Enfin, il existe des facteurs de détérioration du logiciel de croissance qui sont endogènes et qui dépendent des politiques économiques menées par les Etats eux-mêmes.

L’Allemagne se retrouve avec un problème de compétitivité grave parce que l’Allemagne a perdu une énergie pas cher avec le gaz russe.

La France a elle aussi un problème de compétitivité à cause du prix de son modèle social qui l’oblige en plus à emprunter massivement à l’extérieur. D’où les efforts compliqués faits par Emmanuel Macron pour apporter la preuve que la France a la volonté de redresser les comptes et ses finances publiques, la réforme des retraites a cet objectif : convaincre les marchés que la France est capable de redresser ses finances publiques et par conséquent, qu’elle peut compter sur ses financements extérieurs.

Sur ces deux dossiers, l’Allemagne d’un côté, qui doit prouver qu’elle peut changer son modèle énergétique, et la France qui doit apporter la preuve qu’elle pourra maitriser son modèle social, les jeux ne sont pas faits.

C’est d’autant plus risqué que l’Amérique de Joe Biden ait lancé un plan de relocalisation de ses industries et boostant l’attractivité de son modèle. « L’inflation act » démarre à peine qu’il attire déjà des investisseurs européens : les Allemands, les Français et les Italiens sont forcément intéressés.

Maastricht oublié?

Dans ce contexte de reprise fragile de la croissance, les 27 pays membres de l’Union européenne doivent revoir le pacte de stabilité. Comment modifier les contraintes de Maastricht pour favoriser l’investissement intérieur à l’Union?Parce que les besoins sont énormes.

-Besoins de services publics plus efficaces dans le domaine de la santé et de l’éducation nationale.

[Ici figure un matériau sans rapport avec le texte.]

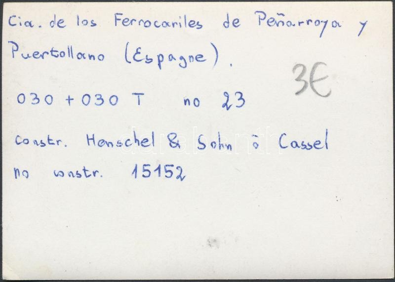 cca 1940 A spanyol vasút, hátoldalon feliratozott fotó, 6x9 cm / railw... https://www.darabanth.com/de/276-Fernauktion/276.0/Andere-Sammelgebiete/Foto~200020/cca-1940-A-spanyol-vasut-hatoldalon-feliratozott-foto-6x9-cm-railway-in-Spain-with-descripti~II1414915

-Besoin de participer à la lutte contre le réchauffement climatique et œuvrer pour la décarbonation.

-Besoin de protéger la souveraineté industrielle des 27

Et enfin, dégager des moyens pour construire une véritable politique de défense extérieure 

C’est toute la gouvernance économique qu’il faudra changer pour l’adapter à ces besoins. L’axe majeur de cette gouvernance économique est dominé par la monnaie et les critères de Maastricht.  Jusqu’à aujourd’hui, après une crise financière, une crise des gilets jaunes en France et une poussée populiste en Europe, après la crise du Covid et la reprise post Covid, face à la crise écologique, les critères de Maastricht sont restés immuables. La guerre en Ukraine et la crise énergétique commandent peut être de changer le logiciel. Tout le monde y pense mais à Bruxelles, bien peu en parle. Maastricht, c’est encore sacré, donc tabou.